Irish Rail passengers are facing severe disruption to services in the coming weeks after the company said it was implementing a cost-savings plan without the agreement of two of its largest unions.
The plan will see temporary pay cuts ranging from 1.7% for staff earning up to €56,000, up to 6.1% for those earning more than €100,000. The company said it will start imposing the measures on August 24, which were recommended by the Labour Court to apply for 28 months.
Irish Rail says it has suffered a reduction in annual income of over €108m since the onset of the economic crisis.
Despite reducing annual operating costs by €73m in the same period, it has recorded losses annually in successive years, with a loss of €16.4m in 2013.
“Continued losses are unsustainable, and the company requires payroll measures, further savings in non-payroll areas, business and revenue growth, and sustainable funding of services and network to address the financial situation,” it said.
While three unions at the travel company had accepted the court’s recommendation, the two biggest unions Siptu and the National Bus and Rail Union, have rejected it.
NBRU has said it will now ballot its members up to strike action while Siptu said it would implement industrial action if the company pressed ahead with implementation.
Irish Rail chief executive David Franks said it had always been his wish to secure these savings by agreement.
“I very much regret we have been unable to achieve this with all trade unions,” he said. “Having reviewed the situation, however, I have come to the conclusion that we must introduce these measures to protect the company, our services, and your security of employment.
“The timescale (for implementation) will allow all colleagues the opportunity to consider our financial situation and, I hope, understand why these measures are unavoidable,” he said.

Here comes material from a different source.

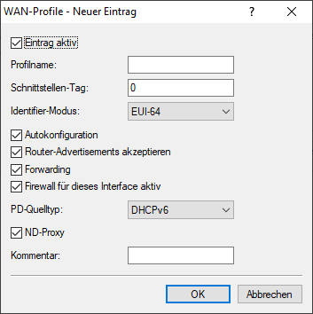- Aktiviert bzw. deaktiviert dieses Profil einer logischen IPv6-WAN-Schnittstelle.
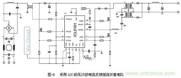 圖-8是省略次級電流采樣反饋的示意電路,工作在固定頻率,整體電路更加精簡,整機成本可以與"PFC+反激"拓撲競爭??紤]到效率等因素,整體成本甚至更低。

The NBRU said “such a provocative move” as implementation of the cost-savings plan “can only be met with resistance, resistance which will inevitably manifest into a situation where both the company and its staff will be brought into disrepute”.
“We will now move to immediately ballot our members for industrial action up to and including all-out strike in the face of this unilateral attack on our members’ terms and conditions,” said NBRU general secretary Dermot O’Leary.
Siptu organiser, Paul Cullen, said: “Siptu informed the management of Irish Rail that our members will engage in industrial action if the company implements planned pay cuts next month.”
Transport Minister Paschal Donohoe said CIÉ is in a precarious financial situation and is dependent on continued bank funding.
“Cost-saving measures have already been agreed in Bus Éireann and Dublin Bus and savings also need to be made in Irish Rail,” he said. “Irish Rail has incurred accumulated losses of over €147m in the past six years, a position which is unsustainable.
“There have already been substantial fare increases and the payroll savings must happen in the context of the very difficult financial challenges that the company faces,” said the minister.
“It is quite clear to me that it is in everyone’s interest that these savings are achieved,” he said.